Gambar III.3. Bayi dengan makrositik limfangioma16

III.1.6 Higroma Kistik12 Higroma kistik merupakan limfangioma yang timbul dari sisa saluran limfe pada leher. Higroma kistik terjadi sebagai kista berdinding tipis yang relative sederhana pada dasar mulut atau dapat melibatkan seluruh jaringan dari dasar mulut turun sampai ke mediastinum. Walaupun kira-kira 80% dari waktunya hanya berupa kista yang tanpa rasa nyeri pada sepertiga servikal posterior atau pada daerah supraklavikula. Sebagian besar tumor ini terjadi menjelang usia 2 tahun. Pembesaran yang tiba-tiba kadang-kadang terjadi sebagai akibat infeksi saluran napas atas, infeksi massanya sendiri atau perdarahan dalam jaringan. Jika massa menjadi cukup besar, dapat menyebabkan penekanan trakea dan kesulitan menelan Pengobatan biasanya terdiri dari pembedahan eksisi yang total. Bagaimanapun karena regresi yang spontan diketahui dapat terjadi, tidak ada gejala-gejala penekanan(obstruksi jalan

napas atau gangguan dengan penelanan) atau deformitas yang total,lesi-lesi ini sebaiknya diobati pada awalnya.

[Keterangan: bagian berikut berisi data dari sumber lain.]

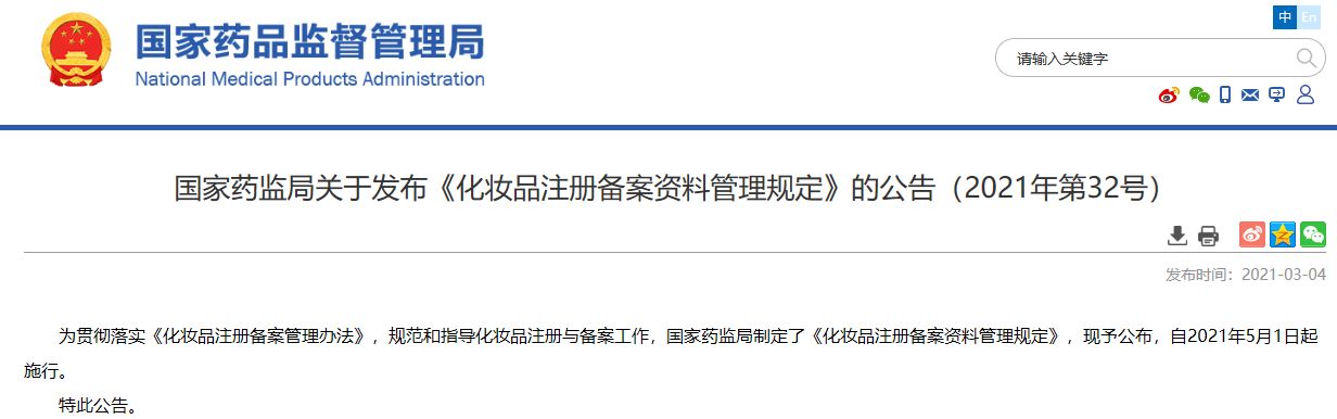 關于發布《化妝品注冊備案資料管理規定》的公告(2021年第32號)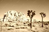 Color toned picture of Joshua Tree National Park scenery, California, USA.

Jika regresi gagal terjadi, sebaiknya dilakukan pembedahan. Eksisi dapat sulit dilakukan karena perluasan beberapa satelit yang seringkali terdapat di sekitar massa utama dan karena hubungan tumor dengan struktur vital seperti saraf kranialis. Perlindungan saraf-saraf ini dianjurkan, dan seringkali perlu dilakukan pemotongan pada massanya saja. Oleh karena iti kekambuhan biasanya terjadi dan seringkali diperlukan tindakan bertahap untuk eksisi yang sempurna. III.1.7. Hemangioma Hemangioma adalah bentuk cacat dari jaringan vaskuler. Dapat digolongkan kapiler, cavernous, juvenile. Hemangioma adalah tumor jinak yang paling sering terjadi pada neonates, sekitar 10 %. Resiko hemangioma pada anak perempuan 3-5x lebih tinggi dibandingkan pada anak laki-laki, lebih tinggi pada neonates premature dan 10x lebih tinggi pada wanita yang mempunyai kelainan amnion.17 Hemangioma bias timbul saat kelahiran, tetapi biasanya tidak tumbuh pada mingguminggu awal, dan tumbuh secara cepat selama setahun,kemudian pertumbuhan melambat pada lima tahun ke depan dan mengalami involusi pada usia 10-15 rahun13 Hemangioma tampak sebagai massa lembut kebiru-biruan atau merah padat dan meningkat ukuran dengan ketegangan atau menangis. Bruits kadang-kadang dapt ditemukan dengan auskultasi di atas luka tersebut. CT scan, MRI atau kedua-duanya adalah alat yang berharga dalam membuat hasil diagnose dari luka vaskuler ini dan juga melukiskan keseluruhan luas dari luka itu. Oleh karena hemangioma timbul secara spontan, luka ini dapat di tangani secara konservatif dengan pengamatan sendiri. Pertimbangan tidak hanya diberikan pada daerah sekitar luka tapi perhatikan juga daerah lainnya, seperti subglotis, traktus gastrointestinal, dan tulang belakang.13

Gambar III.4.Hemangioma18

Indikasi intervensi dilakukan jika luka menyebabkan gejala-gejala sebagai berikut: gangguan nafas, ulkus pada kulit, disfagia, trombositopenia, atau kegagalan pada jantung. Kortikosteroid sistemik atau operasi eksisi dengan laser dapat dilakukan pada beberapa kasus. Terapi utama adalah prednisone, dengan dosis 1-3 mg/kg BB/hari per oral; dosis yang lebih tinggi atau kortikosteroid intra lesi kadang-kadang digunakan. Sekitar 30% hemangioma berespon terhadap kortikosteroid dan mulai bereaksi dalam 1 minggu ; 40% hemangioma stabil atau menunjukkan respon yang minimal dan sisanya tidak bereaksi. Interferon (IFN-a) juga digunakan sebagai terapi pada pasien yang tidak menunjukkan respon terhadap kortikosteroid.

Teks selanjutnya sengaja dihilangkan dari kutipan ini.